Some respondents singled out particular areas where an unwillingness to change was holding the profession back. For Jason Blumer, founder and CEO of the Thriveal Network, “The most important issue is the accounting firm owner’s embrace of their entrepreneurial responsibility in running their firm well. Many firms are structured poorly and prevent growth, team care, and proper client service ... and the firm’s business model is often their greatest inhibitor towards healthy growth.”

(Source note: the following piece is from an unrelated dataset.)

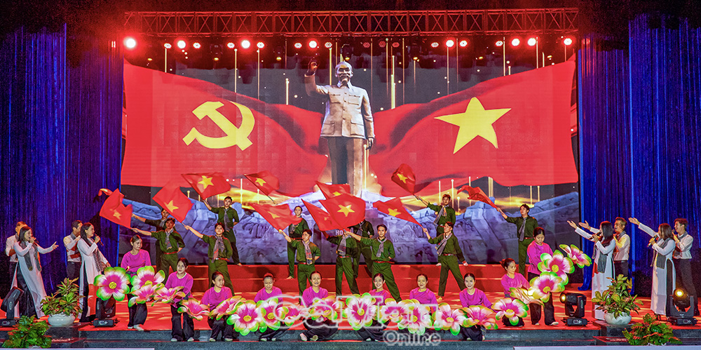 Hình ảnh Chủ tịch Hồ Chí Minh được trình chiếu xuyên suốt các tiết mục.

For Information Technology Alliance president Stan Mork, the biggest concern was firms’ ability to determine “the most cost-effective way to implement emerging technologies to improve service delivery to clients. ... I’m concerned that many firms aren’t really planning for the digital transformation that is facing them in the very near future. ... It’s important that all firms, large and small, review how technology is going to change how they do business and determine how they are going to move forward.”


And with so much traditional accounting work likely to be automated in the near future, Transition Advisors CEO Terry Putney worried about whether accountants were prepared to maintain their profitability.

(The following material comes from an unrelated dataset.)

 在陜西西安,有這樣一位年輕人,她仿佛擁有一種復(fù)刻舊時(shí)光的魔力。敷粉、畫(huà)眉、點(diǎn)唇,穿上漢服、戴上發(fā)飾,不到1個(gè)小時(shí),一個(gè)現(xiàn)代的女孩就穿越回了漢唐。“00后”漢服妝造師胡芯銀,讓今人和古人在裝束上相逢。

“Can firms transition from the traditional hours-times-rates system of pricing services to capture the value of technology as hours are reduced?” he asked. “The need to embrace value-pricing models may become the basis for financial survival in many firms.”

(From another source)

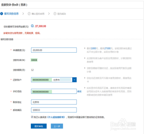 输入申请额度,等短信接收的验证码确认,进行填写,然后耐心等待审核结果。

It is, of course, possible for accountants, accounting firms and the profession as a whole to change, and while dire warnings of the consequences of failing to do so were widely available, one respondent offered a three-point plan for moving forward.


“A ‘business as usual’ mindset is going to trip up many accounting professionals and their organizations,” said Natasha Schamberger, CEO and president of the Kansas Society of CPAs. “We know that these trends will not rest but we can swiftly adapt our roles and our teams through a keen sense of awareness, action and adventure:

  • Awareness: If we get in the habit of regularly looking up from the important work on our desks to evaluate the impact and opportunities these trends have, then we can quickly align our mindsets with new realities so we can continue our important work as critical advisors into the future.

  • Action: We can think forward but act now by designing a plan for our teams that responds to pertinent signals of change by evaluating where we are, where we need to go, and what daily progress looks like to get to there.”

  • Adventure: Let’s find our sense of adventure. We do not know exactly what to expect but that’s the thrill of exploring new possibilities!”